The number of DAOs applying for grants has been increasing exponentially. The issue we are facing is much in the same way “token” as a term cannot define all tokens, “DAO does not define all DAOs”
As a collective focused on building opensource coordination tools which help solve public goods fundings problems, GitcoinDAO will need to select a policy for DAO inclusion in grants.
As of now, we have taken the lenient approach only denying for sybil and unqualified accounts.
I hope to have a productive discussion around what criteria should be considered and what the thresholds should be for inclusion.
Here is an inexhaustive list of criteria considerations:
Is it already established?
Is there smart contract governance? (Moloch, Compound, Multisig?)
Should every substream and individual be allowed their own grants?
Is the DAO open to participants or permissioned?
Is the DAO designed to be forkable? Composable?
Was the DAO a “fair launch”
Can members of the DAO rage quit
I might add in as well that a few principles to consider here are:
How many members in this dao?
How old is this dao?
Does this dao have any external funding at all?
I can say with confidence, the gate is much too wide and without sentry.
I mean Gitcoin Grants are much too permissive. They accept almost anyone.
For an example take a look at this NFT related project. NFT Grant 3575 It provides almost zero info yet there is no reason to deny this grant which is backed by policy. FDD Policy is aware of this shortcoming.
@DisruptionJoe I like the method used by Protocol Labs(IPFS, FileCoin, etc) proposal template here
We can do something similar with 3 reviewers or more per pull request (a PR = a grant request).
The curation feature/dApp could use that as a grant request registry.
Adding on your questions:
Please describe in more detail why this proposal is valuable for the Gitcoin ecosystem or Public Goods. Answer the following questions:
What are the benefits to getting this right?
What are the risks if you don’t get it right?
What are the risks that will make executing on this project difficult?
Please describe in details what your final deliverable for this project will be. Include a specification of the project and what functionality the software will deliver when it is finished.
Please break up your development work into a clear set of milestones. This section needs to be very detailed (will vary on the project, but aim for around 2 pages for this section).

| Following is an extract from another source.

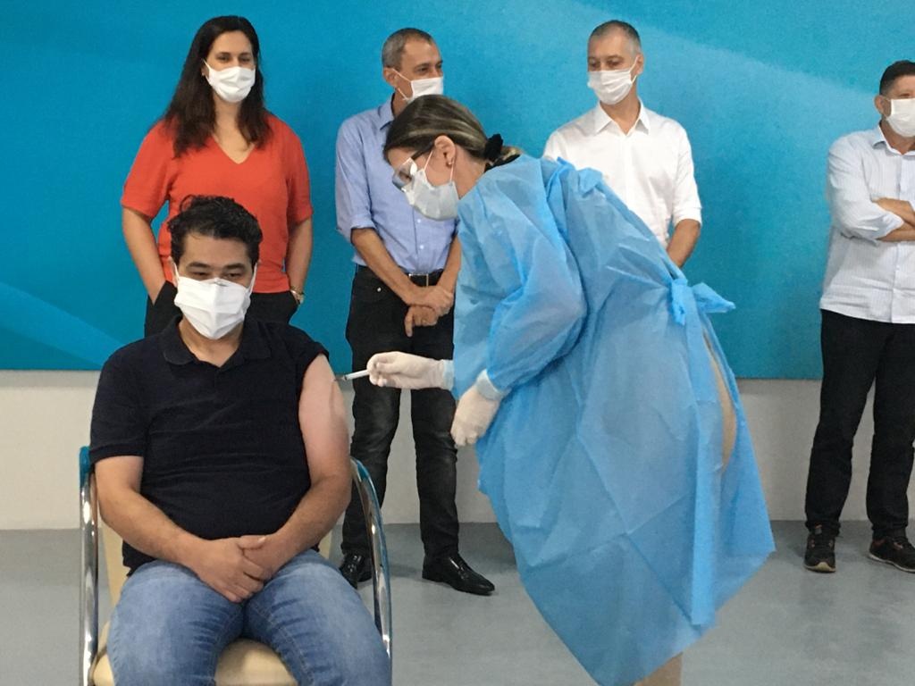 Médico é o primeiro a tomar a vacina da Coronavac em Lucas do Rio Verde

For each milestone, please describe:
The software functionality that we can expect after the completion of each milestone. This should be detailed enough that it can be used to ensure that the software meets the specification you outlined in the Deliverables.
How many people will be working on each milestone and their roles
The amount of funding required for each milestone
How much time this milestone will take to achieve (using real dates)
Specify your team’s long-term plans to maintain this software and upgrade it over time.
Team members, Relevant Experience, Team code repositories
I think this is a very comprehensive form and would for sure help weed out anyone who is just trying to get some free money for a project they never really intend to deliver on. I mean look at the example provided by @David_Dyor , it is literally just one line asking for money to create NFTs so that he (or she) can sell the created NFTs on OpenSea.
Here is a Pol.is conversation on this issue that we can leverage to find rough consensus with the community.
Gitcoin Grant Approval Policy for DAOs
Recently, there’s been a rapid increase of DAOs (Decentralized Autonomous Organizations) with all kinds of missions and socio-technological mechanisms in the Ethereum ecosystem. Under which criteria should DAOs be allowed to receive funding in Gitcoin Grants rounds? Please feel free to discuss here: Polis.
My thoughts on this are evolving. What if we made no distinction between different types of applicants, individuals or a group of individuals, but we simply held them all to the same standard.
It seems like daos are becoming the new business model in web3. We should probably allow them.
The real challenge is determining what proof is acceptable for an applicant, then requesting our applicants provide such a proof with their original application, so stewards and volunteers don’t have to spend weeks chasing it down when they could be doing more productive things for the Dao.